Why Ag Land Values Have Been Strong: 9 Images

Posted by Randy Dickhut on January 22, 2024

A picture is worth a thousand words, as the saying goes. This is true when thinking about the performance of the land market over the past two decades. The strength of the marketplace and the record-shattering prices being paid for good cropland have been well discussed and documented in venues ranging from the ag press to Wall Street markets (here, here, and here, for instance). For today, we will let the charts, graphs, and maps tell the story of what has been supporting land values in recent years.
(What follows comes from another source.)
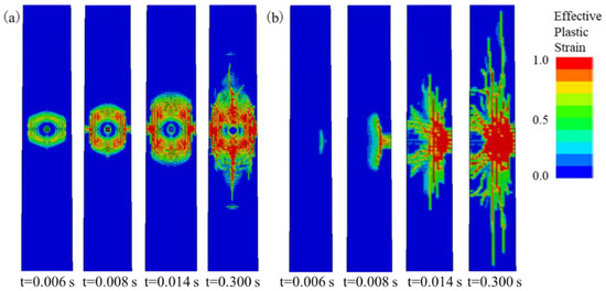 As shown in Figure 14a, when the HTWBP is impacted by a rockfall, the elliptical damage centered on the rockfall appears on the impacted surface of the pier, while the damage degree gradually deepens and spreads along the pier vertically and toward the pier edge. When t = 0.006 s, that is, after the impact force reaches the peak, the damage degree is relatively light. When t = 0.008 s, the damage degree gradually deepens, and the damage area spreads both vertically and to the edge of the bridge pier. There are conical and strip damage areas at the edge of the pier and the vertical center line of the pier, respectively, which may be caused by the weak transverse flexural bearing capacity of the impacted surface of the hollow pier. As the impact process continues, the conical and strip damage areas further extend, and the degree of damage gradually enlarges. At the same time, the damage area of the impacted surface gradually develops into the final elliptic damage pattern, with the conical and strip damage areas as the symmetry axis. In addition, the time of impact force is about t = 0.005 s, while the damage process of the bridge pier mainly occurs from t = 0.006 s to t = 0.300 s. This phenomenon shows that the bridge pier has a lag effect on the dissipation of the impact energy, so it takes a certain time for the kinetic energy to be converted into internal energy after the rockfall impact.
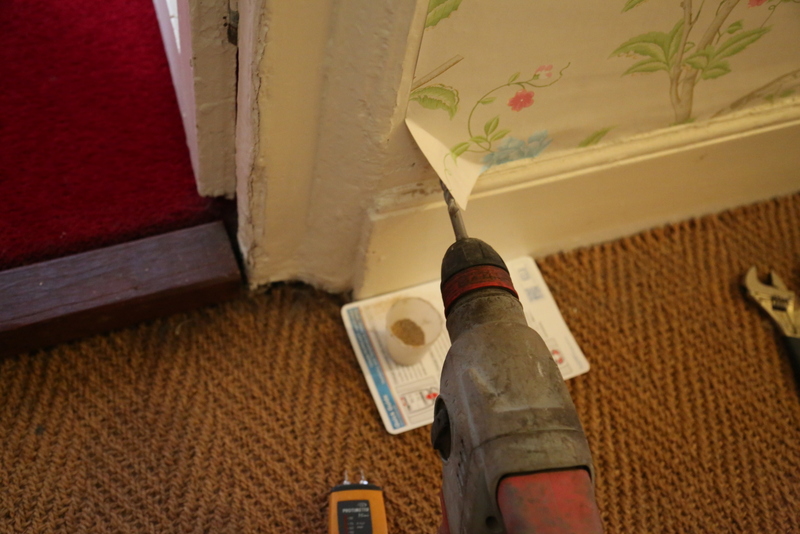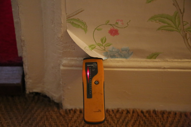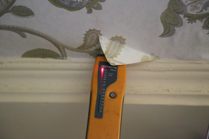 (There was NO sign of ANY dampness in ANY of the walls! Resistance meter readings are off the scale everywhere because the walls are conductive with organic materials in the plaster)

The most important and long-lasting support of strong land values is the underlying income generated by the land. The first graph – from U.S.D.A – shows how net farm income has had two periods of very strong farm profitability during the last 20 years. The next graph (Figure 2) illuminates the fact that U.S. agriculture has experienced the strongest income period since World War II, which is a fundamental reason for higher land prices today.

Figure 1 – U.S. Net Farm Income, Inflation-adjusted. Source: USDA


Figure 2 – Real Net Farm Income 1929-2023


The following map from AEI also demonstrates the strong farm incomes of the past couple of years even without including 2023.

Figure 3 – Change in Real Net Farm Income Before 2023


Large government payments have propped up farm finances from 2019-21, as depicted in the chart below. Payments contributed to the improvement in farmer’s working capital as shown in the University of Illinois/Farm Business Farm Management graphs (figures 4 and 5). The influx of cash from government payments and profits propelled cash available to purchase farmland boosting demand and competitive bidding.

Figure 4 – Government Payments 2012-2021F. Source: farmdoc Daily

Figure 5 – Farm Working Capital Trends in Illinois 2006-2020+. Source: farmdoc Daily


Several other factors recently supporting land values are also in play. One is the limited supply of land for sale as indicated in the 2023 Iowa State University Land Value Survey. Survey notes referenced supply being the number one factor supporting land prices in 2023 in that state.

Figure 6 – Factors Affecting the 2023 Farmland Market. Source: 2023 Iowa State University Land Value Survey.


The other factor displayed in the chart from Purdue University’s Center for Commercial Agriculture is the overall financial strength of the farm sector balance sheet.

Figure 7 – Farm Sector Balance Sheet. Source: Purdue University Center for Commercial Agriculture.


Farmland is generally viewed as a long-term asset and, when valuing any real asset, future income flows should be taken into account when setting a price to be paid for the asset. Future projections for the potential use of soybean oil in renewable diesel, and ethanol in sustainable aviation fuel suggest potentially increased demand for both corn and soybeans creating a scenario for higher commodity prices and farm incomes. These new grain and oilseed demands, along with growing food demand around the world, are being priced into farmland today supporting the current strength.

Figure 8 – Annual U.S. Renewable Diesel Production Capacity – Actual and Projected. Source: farmdoc Daily

Figure 9 – U.S. Production Capacity for Ethanol-based Jet Fuel. Source: Bloomberg.

Wrapping it up

As has been discussed previously, multiple factors have supported higher farmland prices. The question is whether those factors and the future projections supporting today’s land prices will continue or change in 2024?